» **Data block**
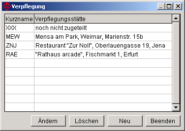 Die hier erfassten Kurznamen der Verpflegungsstätten werden im Register
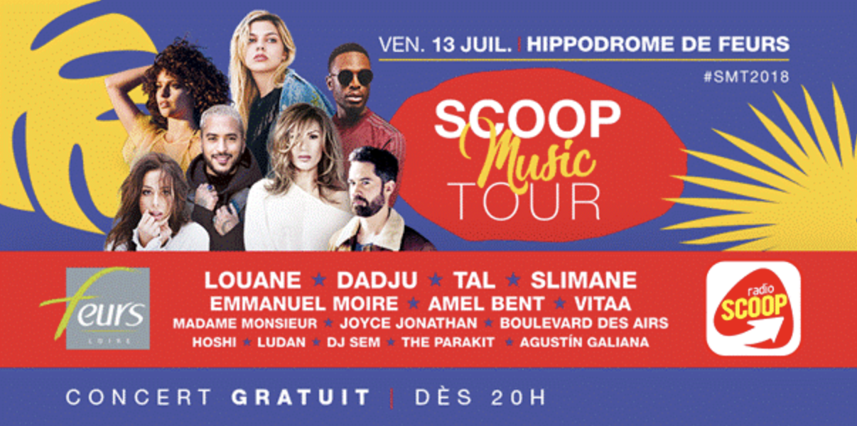 Le Scoop Music Tour est un événement gratuit et ouvert à tous, à vivre en famille ou entre amis. Les plus chanceux peuvent dès à présent gagner leur Pass VIP pour le concert sur la page Facebook Loire - Haute Loire et la page Facebook Lyon de Radio Scoop. Le concert sera d’ailleurs à suivre en live sur les réseaux sociaux et le site de la radio, le 13 juillet, dès 20h.
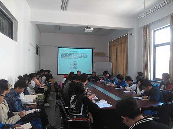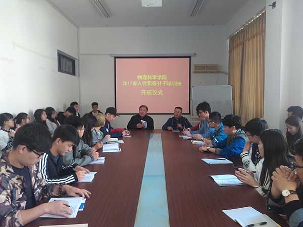 2017年春季学期入党积极分子培训班开班,院党委书记黄国俊在博逸楼401会议室为全体入党积极分子作了题为《端正入党动机,争取早日成为合格的共产党员》的首场主题报告。院党委副书记周志强、学工办主任李慧晶参加培训会。

» **Brief**
Pictures must be left out. Return verbatim only the lines from the line with "Le Scoop Music" through the final line of the material above, including both ends.

» **Reply**
 Le Scoop Music Tour est un événement gratuit et ouvert à tous, à vivre en famille ou entre amis. Les plus chanceux peuvent dès à présent gagner leur Pass VIP pour le concert sur la page Facebook Loire - Haute Loire et la page Facebook Lyon de Radio Scoop. Le concert sera d’ailleurs à suivre en live sur les réseaux sociaux et le site de la radio, le 13 juillet, dès 20h.
 2017年春季学期入党积极分子培训班开班,院党委书记黄国俊在博逸楼401会议室为全体入党积极分子作了题为《端正入党动机,争取早日成为合格的共产党员》的首场主题报告。院党委副书记周志强、学工办主任李慧晶参加培训会。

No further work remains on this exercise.